Por Nathália Carvalho

08/05/2015 às 22h15- Atualizada 08/05/2015 às 22h19

Felipe Couri

Em sua última entrevista à Tribuna, em junho do ano passado, quando relembrava a experiência de ter presenciado a trágica final da Copa de 1950, Geraldo Magela Tavares descreveu a escalação completa daquele time, citando nome e clube de cada jogador. Aos 87 anos, com uma precisão invejável e conhecimento único, ele garantiu: “Minha memória é impecável, eu me lembro de tudo.” E não há quem ouse contestar. A morte do ex-radialista, ex-treinador e vice-presidente do Tupi representa a perda de uma verdadeira enciclopédia do esporte juiz-forano. Magela sofria de câncer nos ossos e estava internado há aproximadamente 20 dias.

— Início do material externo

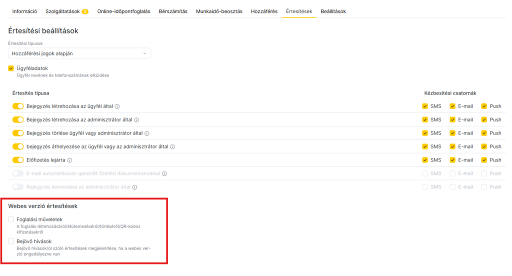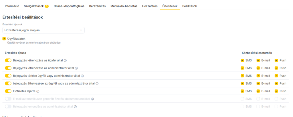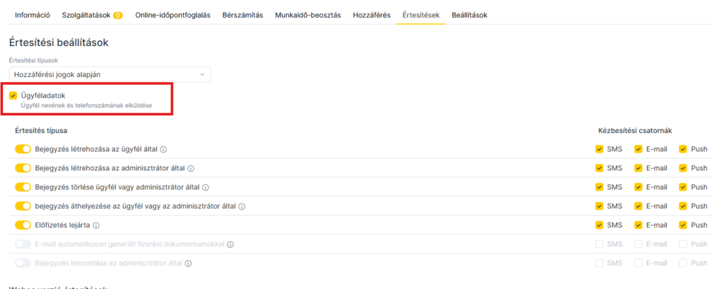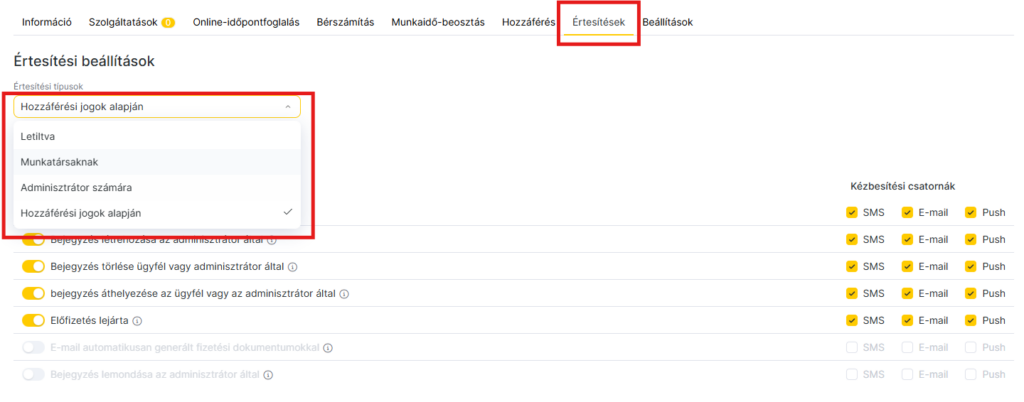 Mielőtt értesítéseket állítanál be egy hozzáféréssel rendelkező munkatársnak, engedélyezned kell a küldési csatornákat a Beállítások > Rendszerbeállítások blokk > Értesítések > Küldési csatornák menüpontban. A küldési csatornák beállításáról részletesen a kapcsolódó cikkben olvashatsz.
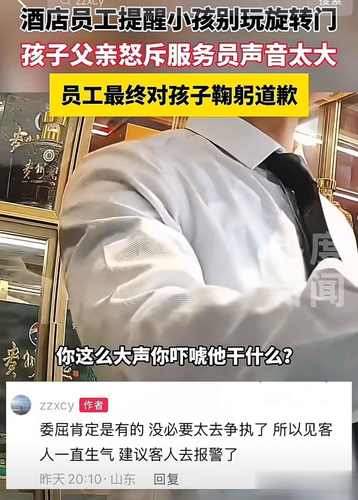 这位家长听完,没有去管孩子,反而发起火来,觉得保安是在怪自己没带好小孩,当场就吼起来,说保安多管闲事,还直接打电话报了警。警察来了以后,担心影响酒店生意,就让保安先道个歉,把场面缓和下来。这事传到网上,一开始大家都以为保安做得过分了,毕竟孩子还小,提醒一句怎么就要报警呢。

Seu corpo foi velado e será enterrado hoje, às 10h, no Cemitério Parque da Saudade.

Geraldo Magela dividia seu coração botafoguense com o Carijó. E havia espaço para muitas outras paixões, como carnaval e jornalismo. E todas elas, quase sempre, estão ligadas a Juiz de Fora, cidade que sempre defendeu, trabalhou e amou. Em homenagem àquele que talvez tenha sido o maior torcedor do Tupi, amigos e ex-colegas de trabalho ouvidos pela Tribuna e pela Rádio CBN lembraram de inúmeros momentos ao lado de Magela, com muita emoção.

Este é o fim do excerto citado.